# Headin out in the morning to get STORM



## FahrendorfFarms (Jan 11, 2013)

Leaving here tomorrow morning to Indianapolis to pick up my puppy 3 hour trip 190 miles. Not looking forward to the drive but cant wait to get her.


----------



## Straw Hat Kikos (Jan 11, 2013)

What kind of dog?


----------



## FahrendorfFarms (Jan 11, 2013)

She is a Pyrenees from POORBOY


----------



## Straw Hat Kikos (Jan 11, 2013)

Oh cool. Another BYH member buying from another BYH member.


----------



## neener92 (Jan 11, 2013)

Straw Hat Kikos said:
			
		

> Oh cool. Another BYH member buying from another BYH member.


  How exciting!


----------



## FahrendorfFarms (Jan 12, 2013)

Well she is home in the barn she has a stall where she cans see all the goats and can get in with one pen, she run from side to side looking at them


----------



## poorboys (Jan 13, 2013)

Glad you made it home safely, I know she'll make you a good dog, thanks so much for coming up and getting her, No more till summer. Hope you all enjoy her.


----------



## jodief100 (Jan 13, 2013)

She is soooooo cute!  I had to go over and play with her last night.


----------



## goat boy (Jan 17, 2013)

I bet you REALLY like her ''


----------



## goat boy (Jan 17, 2013)

Post some pics'


----------



## CrazyFlocksters (Jan 17, 2013)

pics please


----------



## Southern by choice (Jan 17, 2013)

Yes... pics please!


@ POORBOYS-   for breeding sound/stable dogs!


----------



## Pearce Pastures (Jan 17, 2013)

Southern by choice said:
			
		

> Yes... pics please!
> 
> 
> @ POORBOYS-   for breeding sound/stable dogs!

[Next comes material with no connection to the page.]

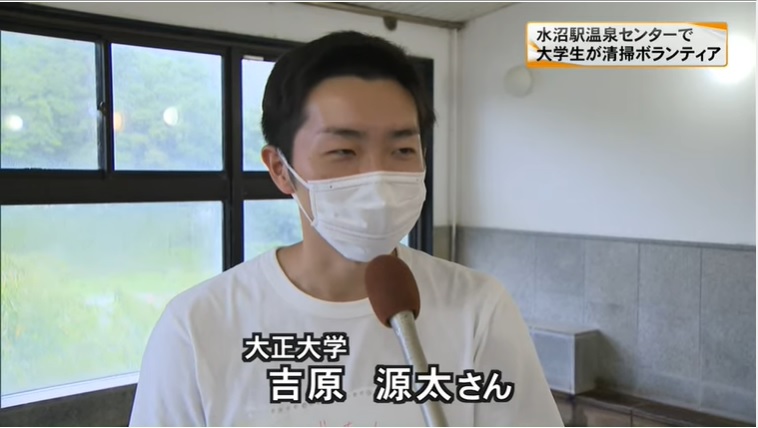 吉原源太さん(公共政策学科2年)が水沼駅温泉センターのインターンシップに参加したことをきっかけに始めた大学生によるボランティア活動「おそうじ大作戦」の様子が群馬テレビで紹介されました。 吉原さんのコメントも放送されています。是非ご覧ください。

X2 on the pictures and X2 on the  for Poorboys' puppies!


----------



## FahrendorfFarms (Jan 17, 2013)

she hides when we go to take pics its supposed to warm up saturday, shes gonna spend the whole day in the big pasture with the goats, hopefully she will hold still for some pics, i weighed her she weighs 18 lbs


----------



## goat boy (Jan 17, 2013)

How old is she


----------



## Stubbornhillfarm (Jan 18, 2013)

Can't wait to see pics and congratulations!  I wish you the best trying to get her to hold still for a good photo.  Mine are 9 months old and I can't get them to hold still for a decent picture.


----------



## FahrendorfFarms (Jan 18, 2013)

Shes is 11 weeks this weekend


----------